= Law of Spain =

The Law of Spain is the legislation in force in the Kingdom of Spain, which is understood to mean Spanish territory, Spanish waters, consulates and embassies, and ships flying the Spanish flag in democratically elected institutions.

==Characteristics==
Spanish law follows the continental system, which means it is supported principally by the law in the broad sense (laws and regulations) and to a lesser extent by judicial decisions and customs. Likewise, it is a complex law, in which various autonomous community legislation coexists with the national.

===Constitutional supremacy===
The supreme Spanish law is the Spanish Constitution of 1978, which regulates the functioning of public bodies and the fundamental rights of the Spanish people, as well as the organization and competencies of the different autonomous communities. The Constitution, as well as being directly applicable by the judiciary, enjoys a material supremacy that determines the rest of the laws in Spain.

===Constitutional control===
All laws in Spain must be declared compatible with the Constitution (all laws that contravene the Constitution are invalid). However, it is clear that a public body is needed to regulate the fulfilment of this rule. In Spain's case, a Constitutional Court exists, which follows the Kelsenian (or Austrian) model.

Following this doctrine, the constitutional court has two basic functions:
- Ensuring all law is compatible with the Constitution.
- Declaring the nullity of laws which contravene the Constitution.

In a case where an ordinary court questions a law, only the right of the declaration is available, and it must go to the Constitutional Court with the question of constitutionality so that it can be declared, thus it is the only body which possesses the power to reject laws.

===Separation of functions===
The division of powers, a fundamental idea in liberal thinking, is the core of the political system. Although, the Spanish Constitution only establishes the separation of functions. At its heart, national sovereignty permits the election, by universal suffrage (men and woman older than 18), of representatives of the sovereign people in the Cortes Generales. The Cortes Generales exercise legislative power through two chambers, the Congress of Deputies and the Senate, choose the Prime Minister and control the actions of the executive power, which must obey the law.

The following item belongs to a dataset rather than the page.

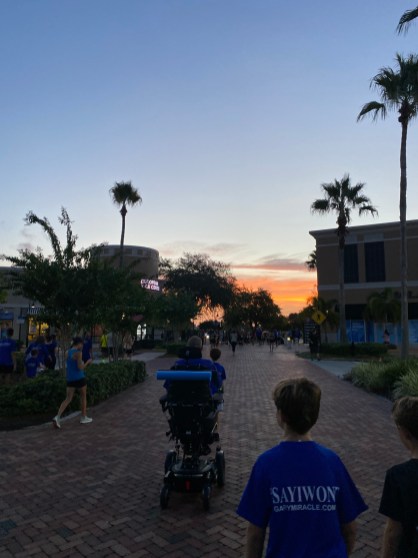 We arrived at the race site and immediately were met with so many people that were there just for Gary. Strangers and friends came up to tell him their story and that they were there because of him. Photos were taken, race bibs were applied and before you knew it, they announced the start of the race. We made our way to the start line just in time for the National Anthem and a sunrise only Florida could provide.

The judicial powers fall into the hands of the judges and courts, an office which the public has access to, and in a jury, which is formed by nationals chosen by lottery in every case. The Constitutional Court controls the laws and the actions of the public administration must fit into the Magna Carta.

==Sources of law==
The sources of law in Spain are:
- Law
- Usage
- General principles of law
- Jurisprudence

Jurisprudence is a secondary source.

===Organization of Spanish public law===
1. Constitutional law. This is the collection of laws and judicial institutions related to the organization of the constitutional bodies and the exercise of the citizen's basic rights and freedoms.
2. Administrative law. This regulates the organization and functioning of the powers and bodies of the state and its relations with individuals.
3. Criminal law. This regulates the so-called punitive (disciplinary) actions.
4. Process law. This is integrated by the collection of laws that regulate judging procedures.
5. Financial and tax law. This is a collection of laws that organize or study the resources that constitute the finances of the State and the other public bodies. They regulate the procedures to obtain deposits and to regulate expenses and payments.
6. International public law. This is integrated by the laws that regulate the judicial relations between each state and the other members of the international community.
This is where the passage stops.